Basicaly I'm concerned about long term comfort and my ablitliy to carry it into the woods . . .

CC


----------



## Just 1 More (Oct 16, 2006)

ccwonka said:


> I'm sure everyone has a strong opinion, but I wanna hear 'em anyhow . . . .
> I'm looking at either a Tree Lounge or this one from Cabella's
> http://www.cabelas.com/cabelas/en/t...e+matchall&Nty=1&Ntt=climbing+stand&noImage=0
> 
> ...



Thats a great deal on a Summit Ultra.. My opinion,,, Get the Summit


----------



## ponyboy (Oct 16, 2006)

api , grand slam supreme.............


----------



## 60Grit (Oct 16, 2006)

If you wanna sleep get the tree lounge.
If you wanna climb a tree with the stealth of a ninja, sit or stand in relative ease for hours on end and kill the big boy, then you better get the Summit. Plus that is one heck of a deal on the Viper Ultra.


----------



## Arrow3 (Oct 16, 2006)

ponyboy said:


> api , grand slam supreme.............



I second that....


----------



## merc123 (Oct 30, 2006)

My buddy uses that stand and he loves it.  He's shot 2 bucks and 1 doe this year already.  Him 3, Me 0.


----------



## Jim Thompson (Oct 30, 2006)

summit, although I would check withy basspro to see if they will match the price so you can pick it up at the store and not pay shipping


----------



## Kwaksmoka (Oct 31, 2006)

Sumitt! I've got the API which is comparable. I've heard really mixed reviews  on the tree lounge! It's up to you, if I had it to do over I would have gotten the sumitt viper!


----------



## DartonHunter101 (Nov 1, 2006)

Summits are safe and comfortable. The downside is unpacking and packing them they make a lot of noise. I have had more than one deer blow at me getting unpacked and hooked up to the tree.
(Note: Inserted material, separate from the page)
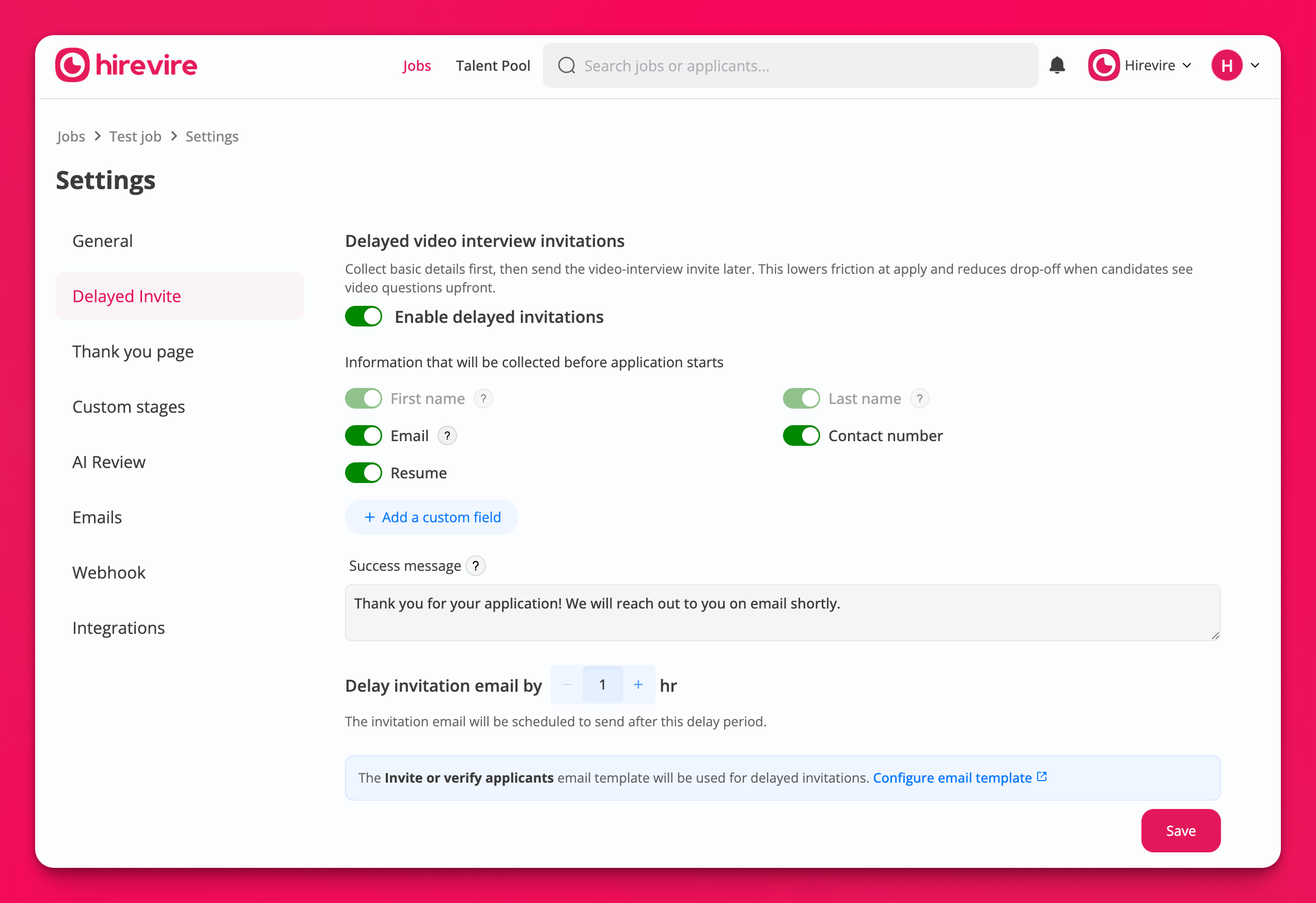 Delayed invitations let you collect basic candidate details first—like name, email, and phone—before automatically sending the full video interview invite after a set delay. This hides video questions upfront, reducing drop-off on your public application page.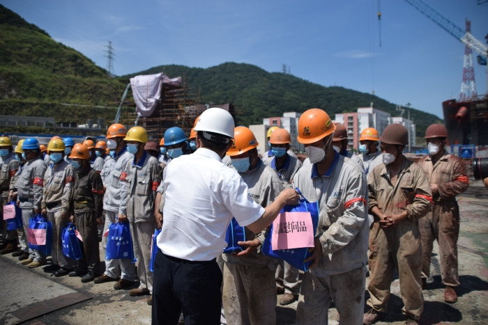 發(fā)布時(shí)間:2022-07-20 點(diǎn)擊量:23727月20日上午10時(shí)許,定海區(qū)委書記侯富光、區(qū)委辦、區(qū)總工會(huì)主要負(fù)責(zé)人等一行來到華豐船廠生產(chǎn)現(xiàn)場慰問高溫下生產(chǎn)勞作的一線員工。公司董事長鄔志祥、副總經(jīng)理周炳科等陪同慰問。

They climb pretty quiet. I have tried several others that pack better this year but had other problems, so I am still hunting with my Summit


----------



## SouthPaw Draw (Nov 1, 2006)

Just bought a new summit viper from Dick's 2 weeks ago for 120 bucks out the door. Have always used API's but this summit is very comfortable and sturdy on the tree.


----------



## swamp (Nov 2, 2006)

South Paw I second that paid $120 for my summit viper classic from Dick's in Fayetteville. On sale for $140 and had a $25 gift certificate.  Will be using it this weekend, what a steal!


----------



## merc123 (Nov 2, 2006)

I found a Summit (don't know which model) from the local outdoor store for $199.99.  Looks like a viper classic but I'll have to ask the next time I go there.  They have some cheap stuff but are more expensive than say wal-mart on a lot of other things.


----------



## SouthPaw Draw (Nov 3, 2006)

SouthPaw Draw said:


> Just bought a new summit viper from Dick's 2 weeks ago for 120 bucks out the door. Have always used API's but this summit is very comfortable and sturdy on the tree.



My was the classic model too. Never used one of these but after the 1st time in the tree will probraly stick with the summits.


----------



## Jim Thompson (Nov 3, 2006)

Dicks has the Viper CLASSIC for $140 up in Kennesaw right now.  The is a heavier (27lbs) version of the viper(21lbs).  Does not come with the rapid rails either, but neither did the Vipers that are 2 years old.  

This is a STEAL on a great stand


----------



## Lead Poison (Nov 3, 2006)

*Summit 180*

Summit 180 With this stand you can face the tree or away, whatever your preference and situation. 

I don't think you can beat a Summit. I've owned a Tree Lounge at one time, but the Summit beats them hands down!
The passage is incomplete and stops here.